Collected material:
══════

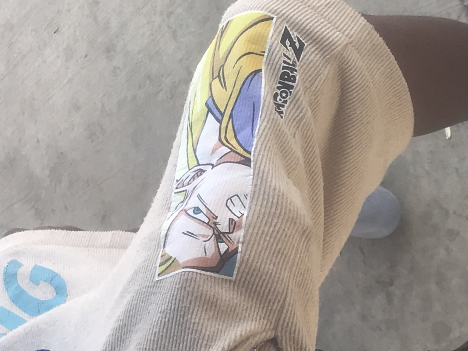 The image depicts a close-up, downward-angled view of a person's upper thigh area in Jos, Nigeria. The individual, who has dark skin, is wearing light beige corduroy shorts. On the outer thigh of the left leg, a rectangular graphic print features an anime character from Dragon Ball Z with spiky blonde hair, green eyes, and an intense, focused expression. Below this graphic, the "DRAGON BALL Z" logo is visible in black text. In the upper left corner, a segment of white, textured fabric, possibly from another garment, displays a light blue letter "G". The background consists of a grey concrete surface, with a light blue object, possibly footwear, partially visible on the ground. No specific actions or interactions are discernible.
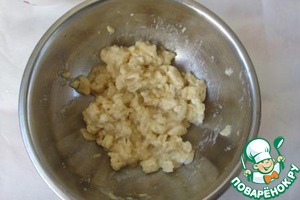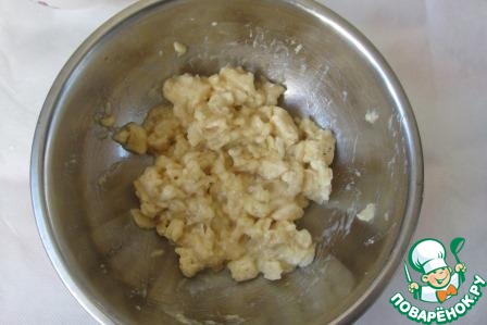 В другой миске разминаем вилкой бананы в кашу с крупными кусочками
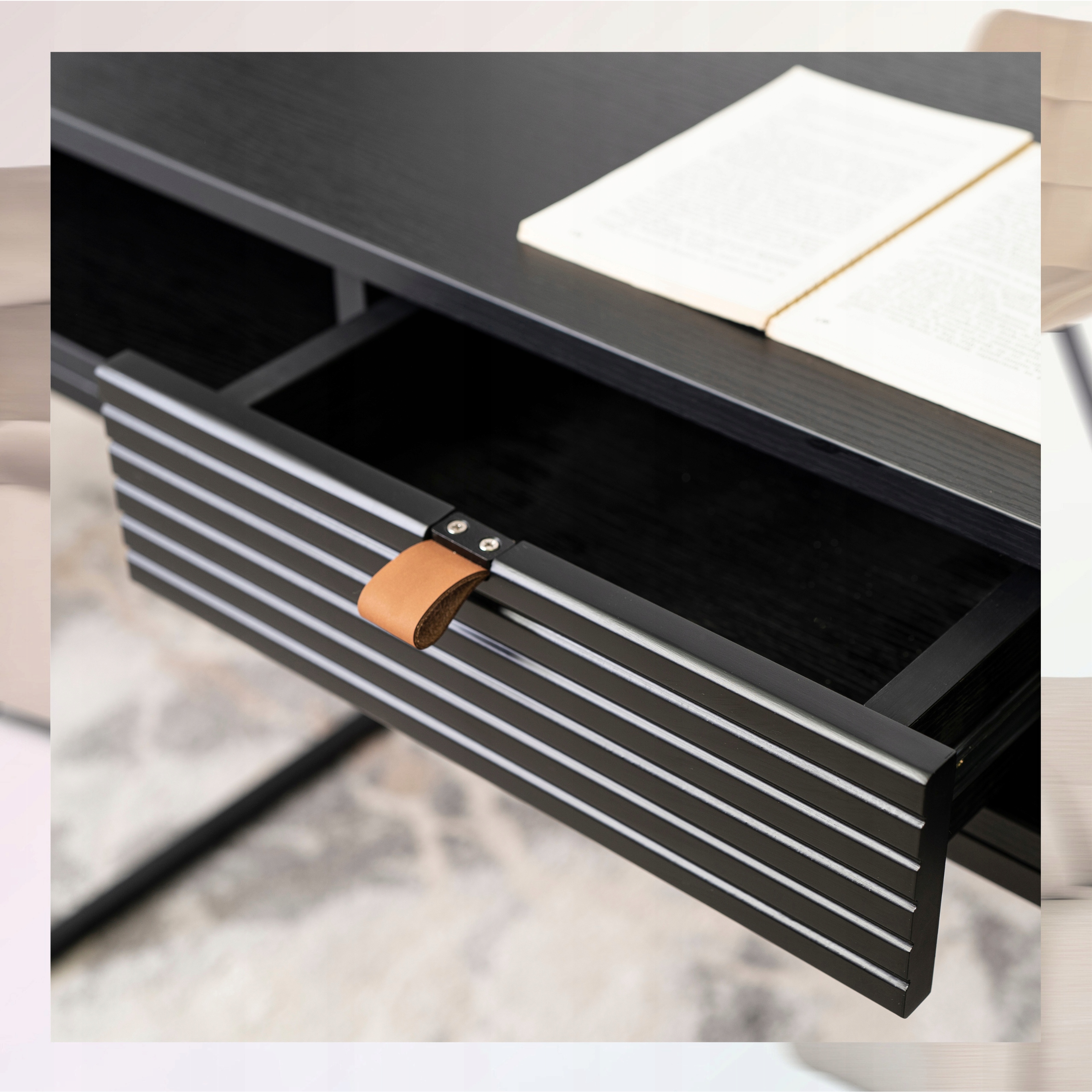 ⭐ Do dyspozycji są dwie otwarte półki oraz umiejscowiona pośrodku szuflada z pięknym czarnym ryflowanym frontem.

══════

Directions for this task: Keep the pictures out of the copy and write out the data exactly as it stands.

Expected answer:
 The image depicts a close-up, downward-angled view of a person's upper thigh area in Jos, Nigeria. The individual, who has dark skin, is wearing light beige corduroy shorts. On the outer thigh of the left leg, a rectangular graphic print features an anime character from Dragon Ball Z with spiky blonde hair, green eyes, and an intense, focused expression. Below this graphic, the "DRAGON BALL Z" logo is visible in black text. In the upper left corner, a segment of white, textured fabric, possibly from another garment, displays a light blue letter "G". The background consists of a grey concrete surface, with a light blue object, possibly footwear, partially visible on the ground. No specific actions or interactions are discernible.
 В другой миске разминаем вилкой бананы в кашу с крупными кусочками
 ⭐ Do dyspozycji są dwie otwarte półki oraz umiejscowiona pośrodku szuflada z pięknym czarnym ryflowanym frontem.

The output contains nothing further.